ABD emperyalizmi BM İnsan Hakları Bildirgesi ve BM’in aşırıcılık, ayrımcılık ve terörizmle mücadele ilkeleri ve konvansiyonları gözardı ederek çıkarları peşinde koşuyor, şiddete ve güvensizliklere yol veriyor, kanlı savaşlara neden oluyor.
 
*
Emperyalizm ve bölgesel işbirlikçileri, son zamanda ziyadesiyle etnik ve mezhebi terörizmi destekliyor.
Bir yanda teröristler güvenlik güçleri ve istihbarat örgütlerinin desteği ve göz yummasıyla,  mesela Suriye ve Irak’a taşınıyor ve insan avcılığına girişiliyor.
İslam’da yasak olan her türlü tecavüz, işkence ve kan dökme eylemleriyle dünyaya İslam korkusu yayılıyor.
Öte yanda kan,gözyaşı,yoksulluğun ceremesi Suriye ve Iraklılara biniyor.
Bölge bunların üzerinden ve Suriye ve Irak’tan itibaren yeniden resmedilmeye çalışılıyor.
 
*
ABD emperyalizminin Rusya’nın hegemonya ve güç siyasetine dayalı eski dünya güvenlik anlayışı yerine karşılıklı güvene, yarara, eşitliğe ve eşgüdüme dayalı sürdürülebilir yeni bir güvenlik anlayışı iddiası arasında gelişen mücadele Avrasya, Ortadoğu ve Afrika’da işte bu minvalde genişleyerek sürüyor.  
İki kutuplu dünya ve soğuk savaş döneminde, toplam sıfır ile sonuçlanan bir stratejik oyun yürütülüyor.

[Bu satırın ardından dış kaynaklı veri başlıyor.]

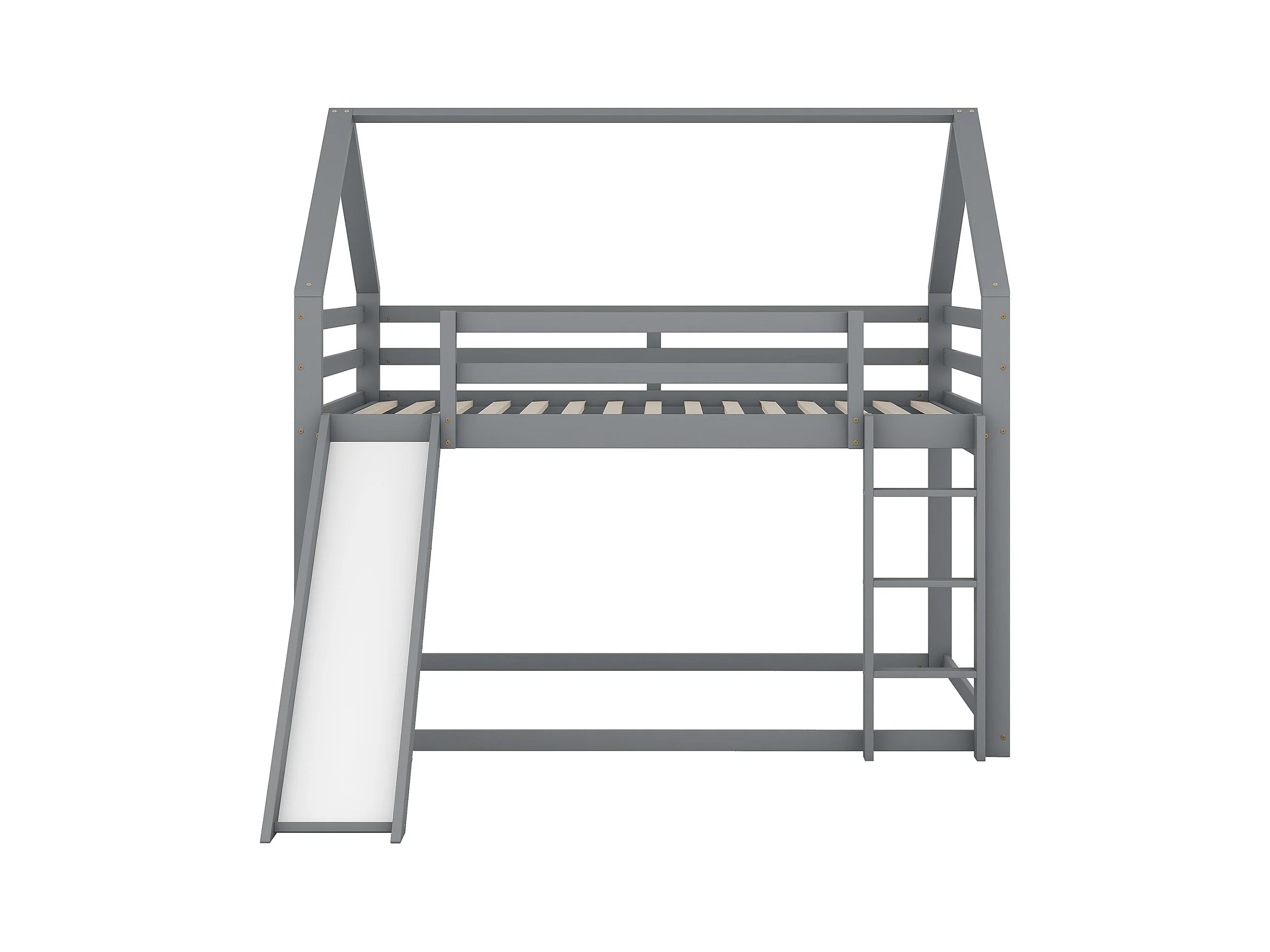 Lits Superposés Enfant Toboggan et Échelle - Pin Massif - 140 X 200 cm - Gris - Sans Matelas
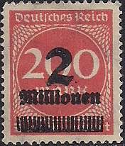 Германия (Рейх) 1923 год. Стандарт (ном. 200). Надпечатка дополнительного номинала. 1 марка из серии
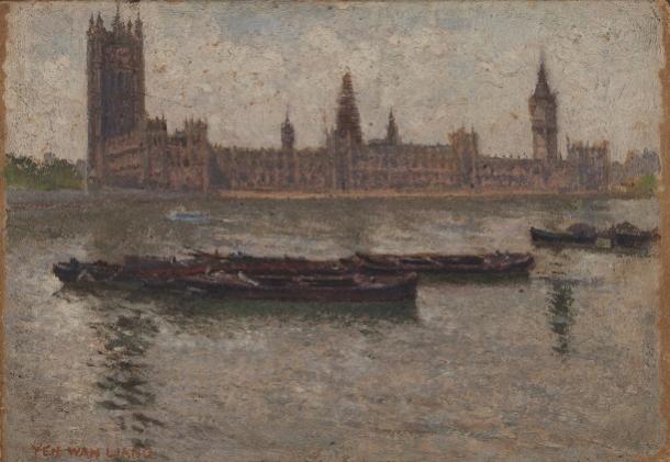 《英国议院》 颜文樑 17×25cm 纸板油画 1929年 中国美术馆藏
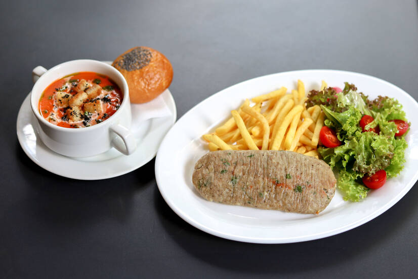 Томатний крем-суп з ароматними грінками, соковитий свинний кебаб,хрустка картопля фрі та овочевий мікс-салат

Kayıp-kayıp temelinde dünya güç dengeleri kuruluyor ama insanlık kaybediyor, kaybediyor, kaybediyor…
 
*
ABD, “Rusya’nın saldırganlığına” karşı koymak için ekonomik ilişkileri sınırlamış, her türlü  stratejik bağ kurma fikrinden vazgeçmiştir.
Bir taraftan ‘Intermarium’ denilen Baltık Denizi ile Karadeniz arasındaki potansiyel çatışma alanında yeni bir strateji oluşturuluyor ve NATO askeri varlığını Doğu Avrupalı ülkelere konuşlandırıyor.
Öte yandan İslam faktörü ile Rusya’nın federalleştirilmesine katkı konulması öngörülüyor!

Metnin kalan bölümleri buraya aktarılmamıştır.